Another twist to the Porton Down affair is contained in the recently released book Inside Outside by controversial MP Tam Dalyell. The autobiography contains an entire chapter on the base. He was admonished by the Speaker of the House of Commons for wearing a black tricorn hat, for events surrounding his campaign which exposed the work of Porton Down. The MP who has long believed in a Freedom of Information Act said: “For years I believed the MOD stitched me up over Porton Down in revenge for other issues I had embarrassed them about. But now it’s dawning on me that they did it because they were desperate to keep me away from the subject of Porton Down. They wanted to make the subject a no-go zone.”

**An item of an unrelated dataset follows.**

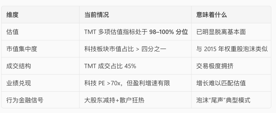 国际知名资产管理人约翰·邓普顿先生说过这样的经典金句:牛市总是在绝望中诞生,在怀疑中成长,在乐观中成熟,在疯狂中灭亡。以上的三个信号合并分析:A股科技板块正处于典型的“结构性泡沫后半段”。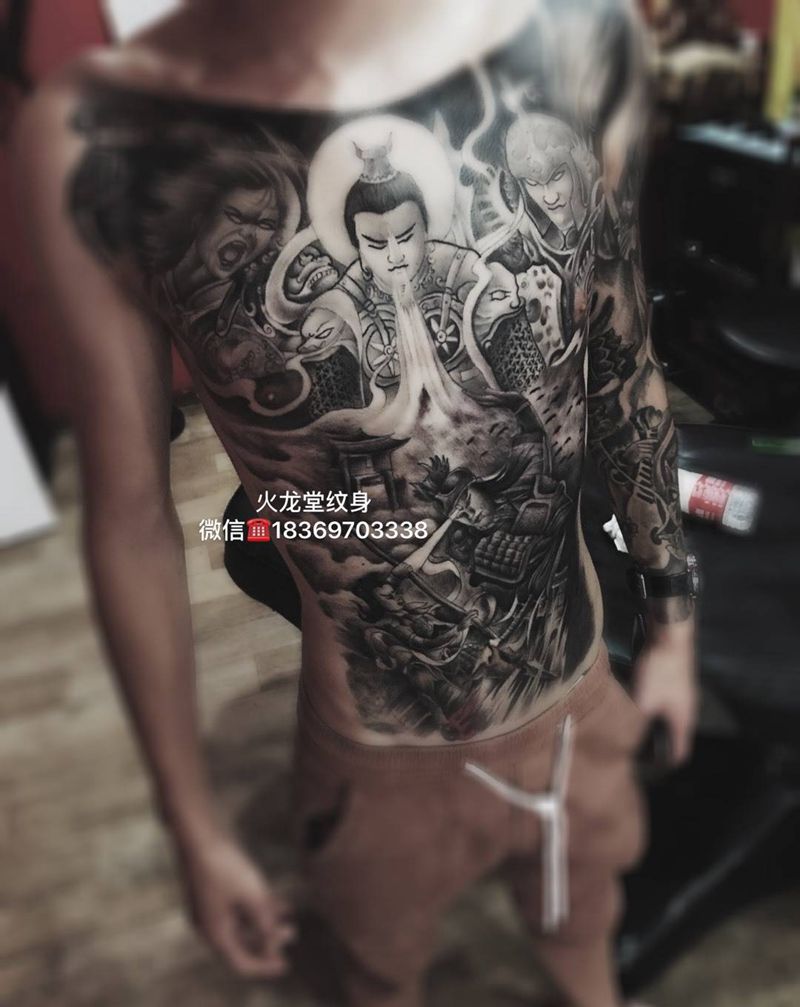 黑灰满背纹身图案

Fearing the outcome of the Operation Antler, the MOD announced on 21 November that they will launch clinical trials on the volunteers to see if their health was damaged. The Government is also on the backfoot. A minister has finally acknowledged that victims of the secret experiments it carried out on over 20,000 human “guinea pigs” will be offered “full examinations” to see if the experiments are responsible for an array of illnesses. The MOD has also admitted that up to 4,000 servicemen were subjected to nerve agent experiments, almost a third more than previously claimed. But an MOD official has reiterated that they have seen “no scientific or medical evidence” linking the health of veterans to their participation in nuclear tests or the Gulf War.
Some analysts believe that it will take years to establish the truth, but that is all that matters to the relatives, who simply want justice. Alan Care, lawyer for the Porton Down volunteers, said the MOD’s new assessment programme was “insufficient.” He demanded a “full independent inquiry.”
o According to sources, the tests will by conducted by doctors at St. Thomas’ Hospital in London. The same facility who checked Gulf War veterans. It is also our understanding that meetings between Porton Down management, defence ministers and the security services have taken place on a regular basis to discuss the implementation of a damage limitation programme.